For a graph built with Minigraph-Cactus, is there any way to determine which portions of a non-reference path wouldn't be able to be surjected to the primary reference coordinate system?
As a theoretical example, if I were to take short reads (150-bp, paired, with zero errors) generated from one of the assemblies included in the graph as a non-reference path, align them to the graph with vg giraffe and output a BAM file in the coordinate system of the primary reference, some sites will inevitably be missing (e.g., because the non-reference path includes a sufficiently large alternate allele at a locus). Is there a way to identify such non-surjectable sites in both the primary reference and non-reference paths with respect to one another, just from the graph, rather than proceeding through alignment and variant calling?
thanks! I have used
odgi pav
, but didn't think of it as a potential solution here. If I were to use that, I think what I would be looking for is missing sequence in the primary reference relative to each path, and I haven't had much luck setting a non-reference path as a reference for that purpose.
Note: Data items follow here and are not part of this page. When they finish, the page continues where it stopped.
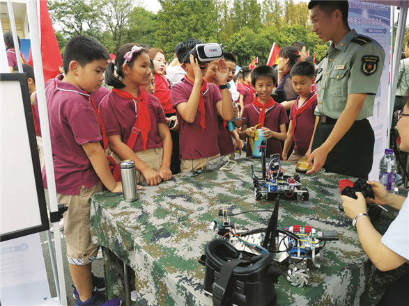 礼赞共和国 智慧新生活 □周静茹 9月15日,来自合肥市西园新村小学南校教育集团嘉和苑校区的200余名师生,参与了在国防科技大学举办的全国科普日安徽省主场活动。该活动以“礼赞共和国 智慧新生活”为主题,通过活动,同学们培养了创新意识以及动手、动脑的能力,拓宽了科学知识面,激发了他们学科学、爱科学、用科学的兴趣。 精彩的科普活动现场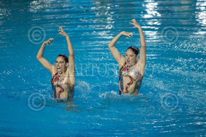 GUADALAJARA, JALISCO, 18OCTUBRE2011.- Blanca Isabel Delgado y Nuria Lidon Diosdado durante su participación en la prubeba de nado sincronizado en los Juagos Panamericanos Guadalajara 2011. FOTO: IVÁN STEPHENS/CUARTOSCURO.COM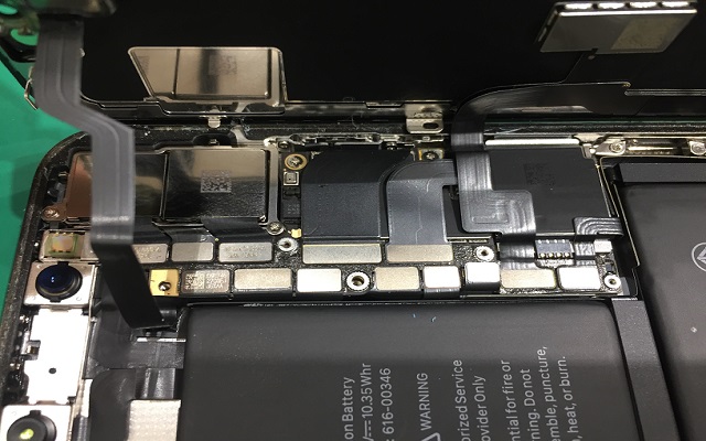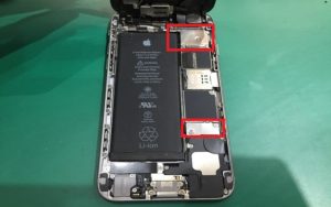 2.バッテリーコネクタ、液晶コネクタ、イヤースピーカーコネクタの順に接続を外していきます。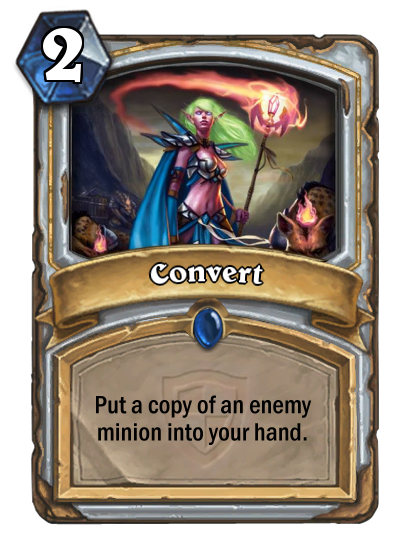 I’m drooling over all the options with this card: Alexstrasza, Dr. Boom, Archmage Antonidas, and so many others. At two mana its flexibility is unprecedented and will almost never be a dead card. Priest’s stealing powers were always really strong, but this might just take the cake (joke only partially intended.)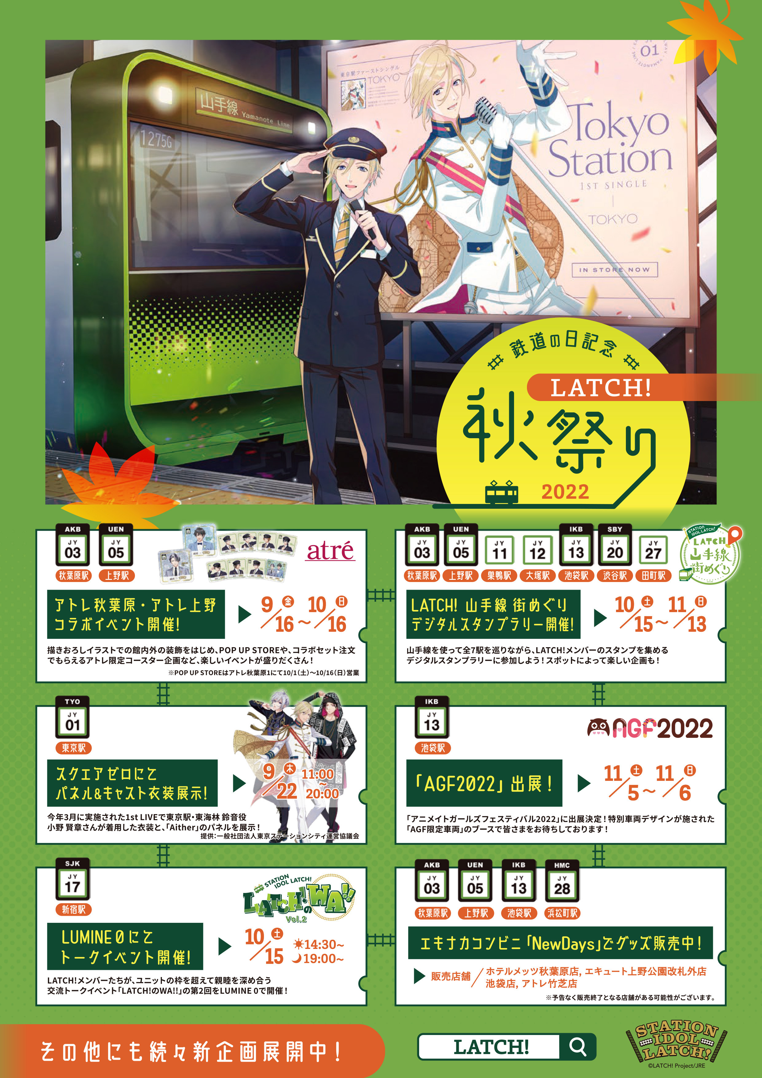 JR山手線・全30駅の個性豊かな駅員キャラクターたちが、彼らの駅や街を盛り上げるべく、業務時間を終えるとアイドルとして活躍する『STATION IDOL LATCH!』。『LATCH!秋祭り』は9 月 16 日を皮切りに数々の企画を展開する。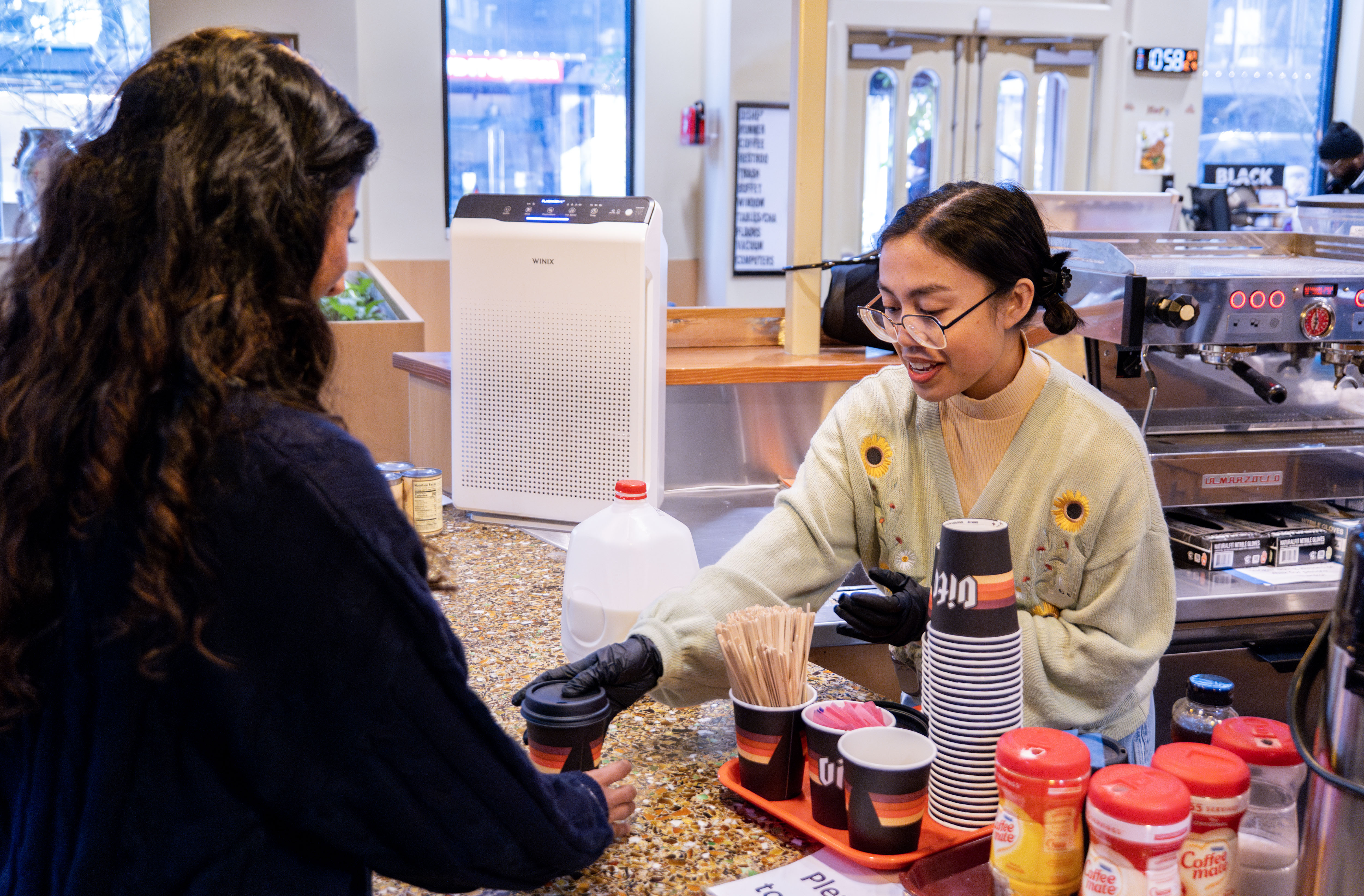 Click to download full-size image (5000 x 3286 pixels, 2.3MB) A recovery support organization cafe barista with dark hair and glasses hands a cup of coffee to a visitor. Behind them is an espresso machine. ID: RCSLU040 Location: Recovery Cafe South Lake Union Categories: Client patient Community Food assistance Interaction Provider staff Recovery support

I'm also interested in a genome-wide estimate of these types of variants, and I'm not sure that this approach would be efficient for that? (I am working with pretty large and often messy plant genomes.)Maybe what I'm actually looking for are nodes that are not traversed by the primary reference and that are of sufficient length that surjection for the purpose of calling SNPs would not work. When I call SNPs/MNVs/INDELs from graph-aligned reads, I surject to the primary reference and keep called variants <50 bp, because in theory, variants >=50 bp are caught by
vg call
in a separate process. So nodes >=50 bp in length that would be fully covered by reads (i.e., that entire variant is present in the reseq sample) would produce non-surjectable alignments? Am I thinking about that correctly?